How HBase Deletes Data?

When a Delete command is issued through the HBase client, no data is actually deleted. Surprised!!. What really happens during data deletion process ?

When a Delete command is issued through the HBase client, no data is actually deleted. Instead a tombstone marker is set, making the deleted cells effectively invisible. User Scans and Gets automatically filter deleted cells until they get removed.

The tombstone markers and deleted cells are only deleted during major compactions (which compacts all store files to a single one). Hence HBase periodically removes deleted cells during compactions.

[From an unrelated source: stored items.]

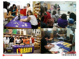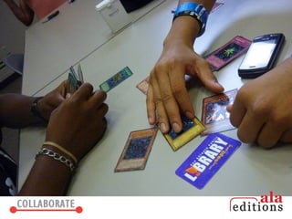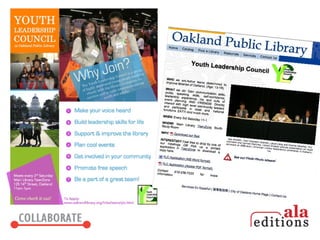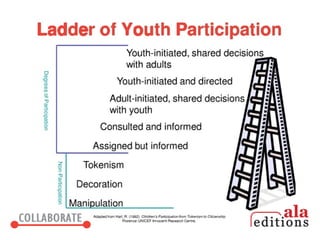 The document discusses teen participation and collaboration in libraries. It emphasizes moving from passive programming for teens initiated by libraries to active involvement of teens in planning, decision-making, and implementation of services. This includes establishing teen leadership councils and committees to give teens ownership over programming and activities. The benefits are outlined as helping libraries become more relevant while providing developmental opportunities for teens such as learning social and cultural competencies.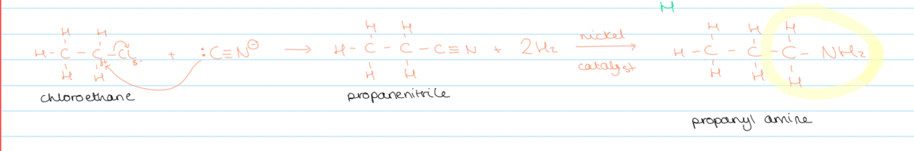 make nitrile then reduce it (add lots pf H’s)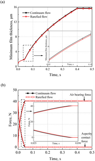 - Compared to the continuum flow, the minimum air film thickness and air bearing force of the AFTB, considering the rarefied flow effect, are lower. However, the lift-off speed and the asperity contact pressure of the AFTB are higher during the start-up process.

There are 3 different types of internal delete markers.

  • Delete: for a specific version of a column.
  • Delete column: for all versions of a column.
  • Delete family: for all columns of a particular ColumnFamily

When deleting an entire row, HBase will internally create a tombstone for each ColumnFamily (i.e., not each individual column). Deletes work by creating tombstone markers. For example, let’s suppose we want to delete a row. For this you can specify a version, or else by default the currentTimeMillis is used. What this means is delete all cells where the version is less than or equal to this version.

HBase never modifies data in place, so for example a delete will not immediately delete (or mark as deleted) the entries in the storage file that correspond to the delete condition. Rather tombstone is written, which will mask the deleted values. When HBase does a major compaction, the tombstones are processed to actually remove the dead values, together with the tombstones themselves. If the version you specified when deleting a row is larger than the version of any value in the row, then you can consider the complete row to be deleted.

Also, if you delete data and put more data but with an earlier timestamp than the tombstone timestamp, further gets may be masked by the tombstone marker. It only gets fixed after major compaction has run and hence you will not receive the inserted value till after major compaction in this case.